When this process is repeated, even small improvements will compound over time to deliver large results.
What would this look like in real life?
So far, this blog may have felt a little theoretical, so we wanted to give an example of what this could look like. In our example, we’ll be using a mythical ‘round up’ and investing app from a Big 4 bank, similar to Raiz.
This app has the ‘north star’ metric of monthly recurring revenue for the service, which means that all growth marketing and tests would be trying to improve this one metric.
Test that could be run at each stage of the growth funnel could include:
Awareness:
- Test behaviourally-segmented ads through social channels e.g. recent homebuyers, vs. those who follow personal finance media properties.
- Test demographically-targeted ads through social channels e.g. segment by age, gender or metro vs. rural populations.
- Test conservative ‘on brand’ ad creative vs. creative that pushes brand guidelines.
- Test effect of original research into investing trends, promoted through PR.
Acquisition:
- Test allowing users to register using their Facebook log-in details, without the requirement to add any financial details.
- Test the effectiveness of partnerships with financial influencers over three different channels – podcast, blog and Youtube, each sharing a bonus sign-up code which gives users $10 on sign-up.
- Test whether a content funnel with educational content that users must provide an email address to access delivers more sign-ups.
Activation:
- Users who register for the app but don’t deposit any money are called by a service team member to walk them through the process.
- Users who register for the app but don’t deposit any money are prompted via app notifications.
- Users who register for the app but don’t deposit any money are prompted by a 3 part email chain.
Retention:
- Test reduced fees for a longer commitment of time e.g. pay 9 months up front for a full year of service.
- Test different pricing levels for levels of service, allowing users to drop down to a lower fee structure if needed.
- Test gamifying achievements – rewards at one month, one year, at significant milestones etc.
Revenue:
- Test how offering 3 portfolio options vs. 6 portfolio options affects FUM.
- Test charging users a flat monthly fee vs. a percentage of invested assets.
Referral:
- Test referral bonuses e.g. offering users $5 for both the referrer and the referred vs. $10 for just the referrer.
Each of these tests may have a positive impact, or they may fail.

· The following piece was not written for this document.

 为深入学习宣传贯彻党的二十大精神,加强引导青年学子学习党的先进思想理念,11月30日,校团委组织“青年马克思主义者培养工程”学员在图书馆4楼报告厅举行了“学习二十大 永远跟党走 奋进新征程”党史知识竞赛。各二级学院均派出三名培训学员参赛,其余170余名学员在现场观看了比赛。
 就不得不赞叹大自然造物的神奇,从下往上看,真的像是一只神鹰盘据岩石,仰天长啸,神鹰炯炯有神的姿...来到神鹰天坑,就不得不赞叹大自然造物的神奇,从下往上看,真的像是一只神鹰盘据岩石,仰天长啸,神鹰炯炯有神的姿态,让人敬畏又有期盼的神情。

But as the growth team tries more experiments, hypotheses will get better and test results should improve as the team understands what their users need.
if experiments are conducted at each layer of the funnel on an ongoing basis, the snowball effect should deliver outsized gains to the north star metric – monthly recurring revenue.

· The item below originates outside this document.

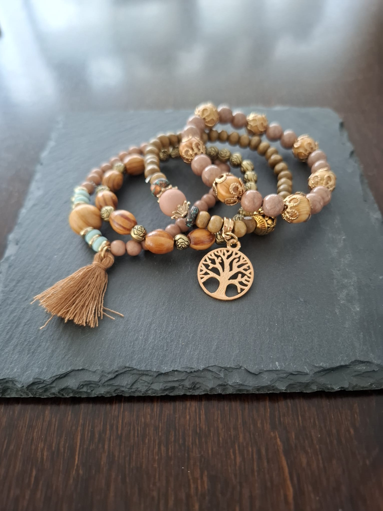 Armband Baum des Lebens braun, Holz- und Resinperlen, 6cm flexibel

Five things you can do to try growth marketing
- Think about what your ‘north star’ metric would be. What would be the one metric that you could focus improving that would really make a difference to your business?
- Consider your organisation’s growth funnel, identifying whether there are opportunities to test and improve performance at any of the layers, not just those traditionally associated with marketing.
- Think about what a ‘growth team’ would look like within your business. If you had to run small experiments through the whole growth funnel, who would you need to recruit and get on-side?
- Start running experiments that you can more easily run just within the marketing team. This could be testing the cadence of a welcome email flow to see how it affects engagement, trying 10 different text executions for digital ads instead of just a couple, A/B testing landing pages using Google Optimise, or anything else that you and your team can readily implement and test.
- Keep an open mind! Growth marketing is all about testing assumptions, generating new ideas and being open to try anything to see whether it works.